New Delhi, 17 August 2009

Farmers & Fertilizers

DIRECT SUBSIDY, BETTER YIELD?

By Dr PK Vasudeva

The Government’s move to unshackle the fertilizer industry is a great idea. The sooner we throw the sector open the better. But, we must tread carefully as there is no guarantee that merely by freeing the industry dramatic changes in availability and prices in favour of farmers would result.

Farmers are increasingly using chemical fertilizers for better output of their produce. However, they are not getting direct subsidy from the Government as it goes to the fertilizer industry. Therefore, the mode of delivering the fertilizer subsidy must rightly shift from the producer to the farmer, who is the intended beneficiary.

None of the stakeholders — neither the farmer, who is the product user nor the industry the producer or the Government that doles out the subsidy — ever appeared happy with the extant controls and restrictions. The country, regrettably is not self-reliant in chemical fertilizers.

Among major fertilizers, the critical bottleneck in the production of urea is the limited availability of natural gas/LNG. DAP (Di-Ammonium Phosphate) production depends on availability of imported raw material/intermediates such as rock phosphates, phosphoric acid, sulphur, etc. Owing to limited availability and fluctuating prices of raw materials/intermediates in the international market, production of DAP and complex fertilizers has thus remained stagnant.

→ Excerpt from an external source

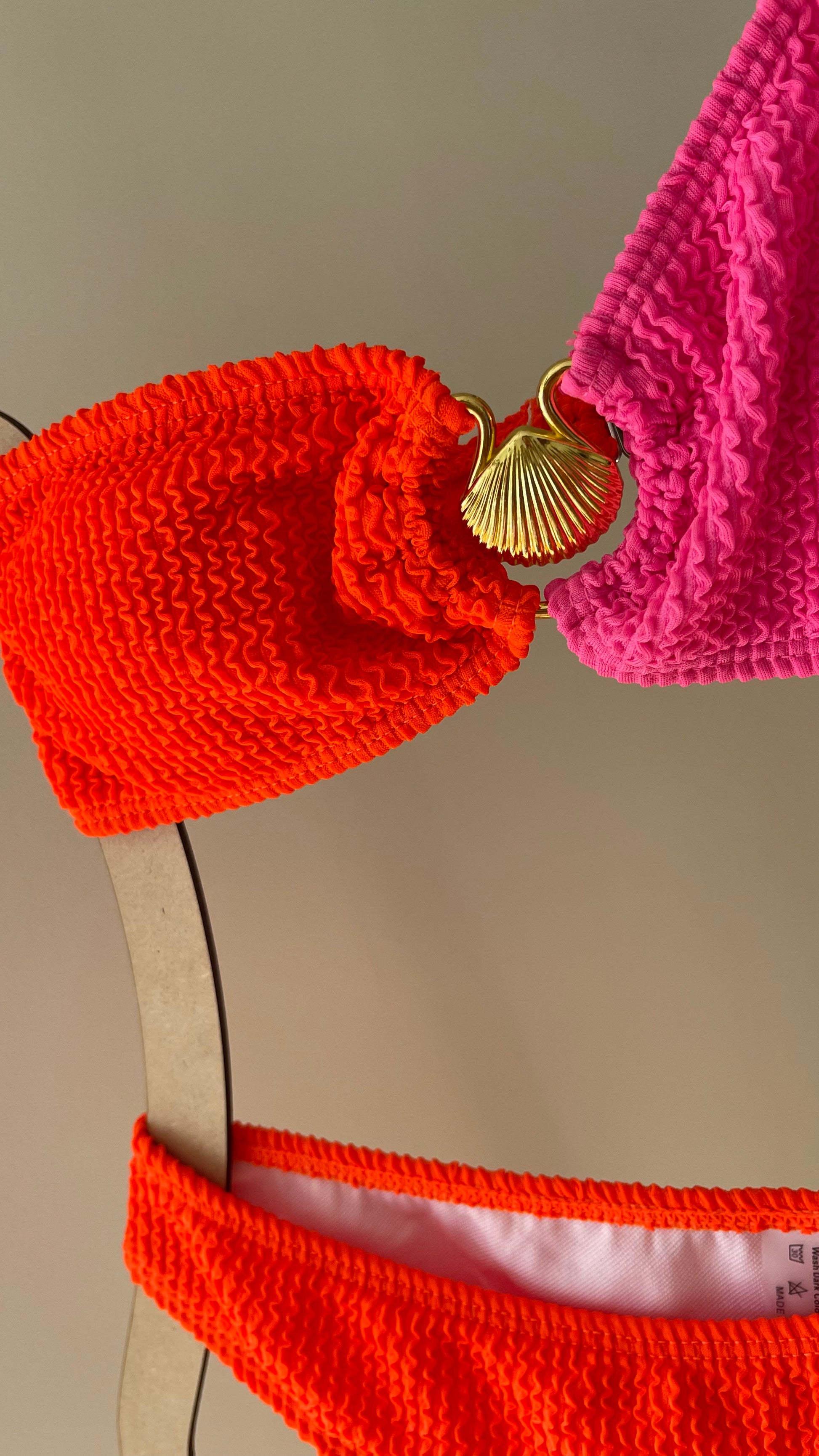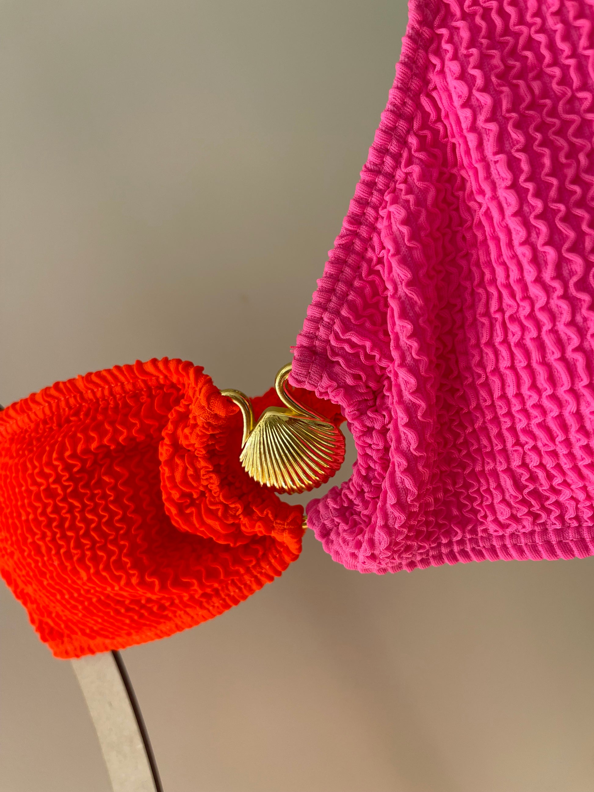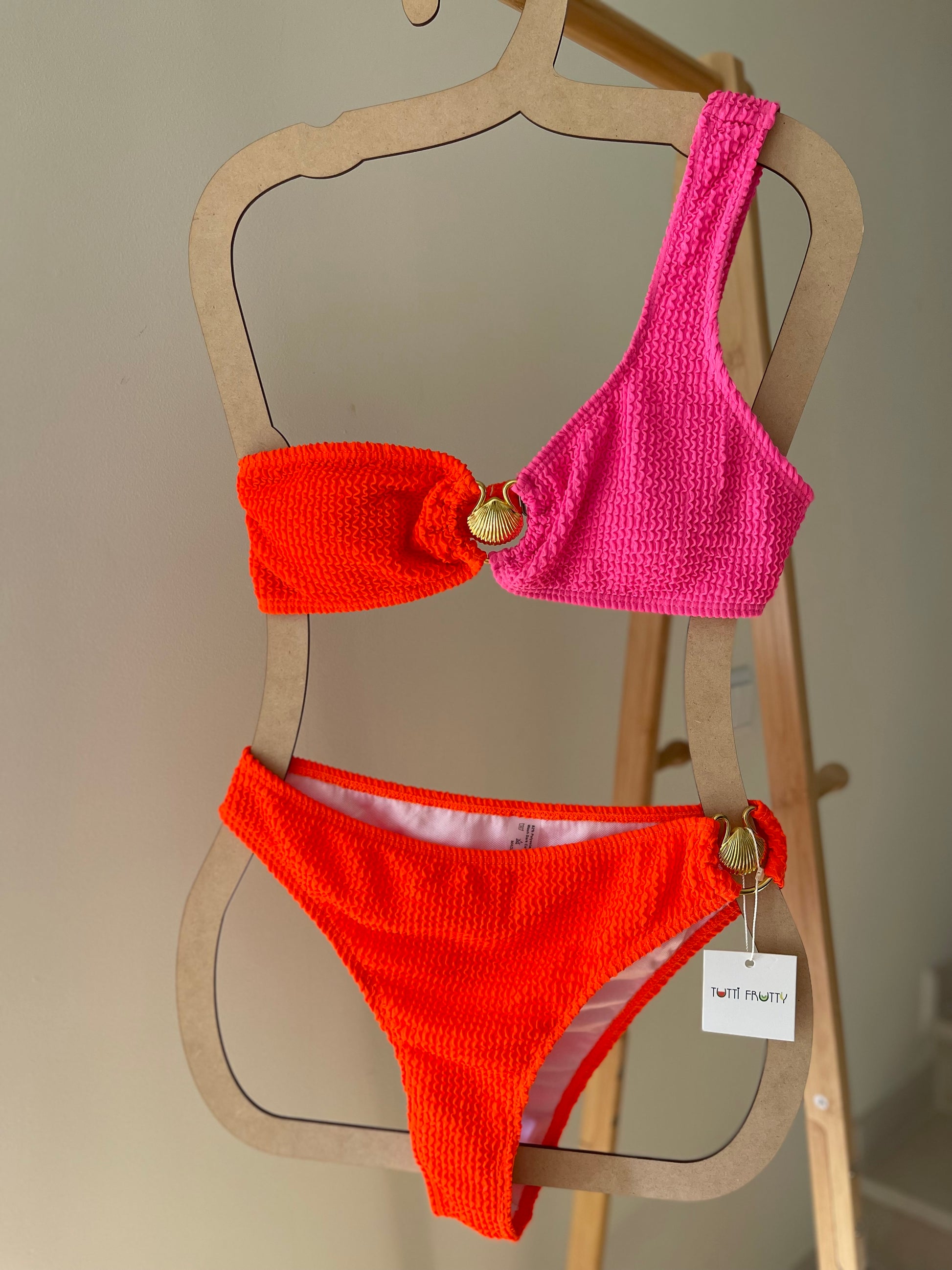 Top assimétrico só com uma alça, com aplique de concha dourada, almofadas removíveis.

The consumption of fertilizers during the 9th Five Year Plan and the initial years of the 10th Five Year Plan has been stagnant. However, a combination of a good monsoon, increase in cultivated area, improved awareness about usage of fertilizers and better purchasing power in rural areas has resulted in a sharp increase in consumption of fertilizers, especially since 2004-05.

Despite improving availability and expanding usage of chemical fertilizers, per hectare consumption in nutrient terms is around 115 kg only, far less than that of many other developing countries. For instance, China consumes close to 300 kg/ha. While rising consumption is a positive sign, the productivity response has been rather muted. Well, around 70 per cent of the total fertilizer consumption in the country is on foodgrain crops and most of it is in irrigated areas.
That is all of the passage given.